Category Archives: Development

Native plants in your yard for native wildlife

Nature is not something out there, apart from people. It never was, and nowadays people have built and farmed and clearcut so much that wildlife species from insects to birds are in trouble. In south Georgia people may think that our trees make a lot of wildlife habitat. Actually, most of those trees are planted pine plantations with very limited undergrowth, and in town many yards are deserts of grass plus exotic species that don’t support native birds. Douglas Tallamy offers one solution: turn yards into wildlife habitat by growing native species. Since we are as always remodeling nature, we might as well do it so as to feed the rest of nature and ourselves, and by the way get flood prevention and possibly cleaner water as well, oh, and fewer pesticides to poison ourselves.

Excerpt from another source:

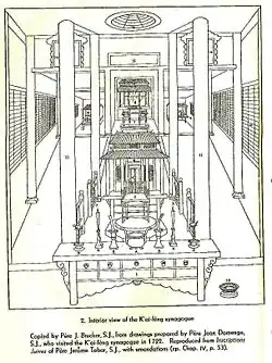 Outside the synagogue was a large hall, the Tz'u t'ang (祖堂; zǔ táng) or "Hall of the Ancestors" where, according to the Portuguese Jesuit Jean-Paul Gozani (1647–1732) who lived in Kaifeng from 1698 to 1718, incense bowls were placed to commemorate the patriarchs and outstanding figures of the Law, as well as various holy men (聖人; shèngrén). This was similar to Chinese rites regarding ancestors, with the difference that no images were allowed.[69][70] Their Pentateuch was divided into 53 sections according to the Persian style.[71]

Douglas Tallamy makes a clear and compelling case in Bringing Nature Home: How You Can Sustain Wildlife with Native Plants

…it is not yet too late to save most of the plants and animals that sustain the ecosystems on which we ourselves depend. Second, restoring native plants to most human-dominated landscapes is relatively easy to do.

Some of you may wonder why native species are so important? Don’t we have more deer than we can shoot? Maybe so, but we have far fewer birds of almost every species than we did decades and only a few years ago.

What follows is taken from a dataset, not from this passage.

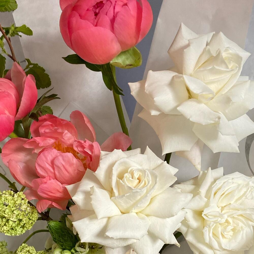 Пион – 3 шт.Вибурнум – 1 шт.плайя бланка – 4 шт.Орнитогалум – 3 шт.ветки декоративные – 2 шт.Упаковка дизайнерская – 1 шт.

Some may wonder: aren’t exotic species just as good as native ones, if deer and birds can eat them? Actually, no, because many exotic species are poisonous Japanese climbing fern on native Smilax to native wildlife, and because invasive exotics crowd out natives and reduce species diversity. From kudzu to Japanese climbing fern, exotic invasives are bad for wildlife and may also promote erosion and flooding by strangling native vegetation.

All plants are not created equal, particularly in their ability to support wildlife. Most of our native plant-eaters are not able to eat alien plants, and we are replacing native plants with alien species at an alarming rate, especially in the suburban gardens on which our wildlife increasingly depends. My central message is that unless we restore native plants to our suburban ecosystems, the future of biodiversity in the United States is dim.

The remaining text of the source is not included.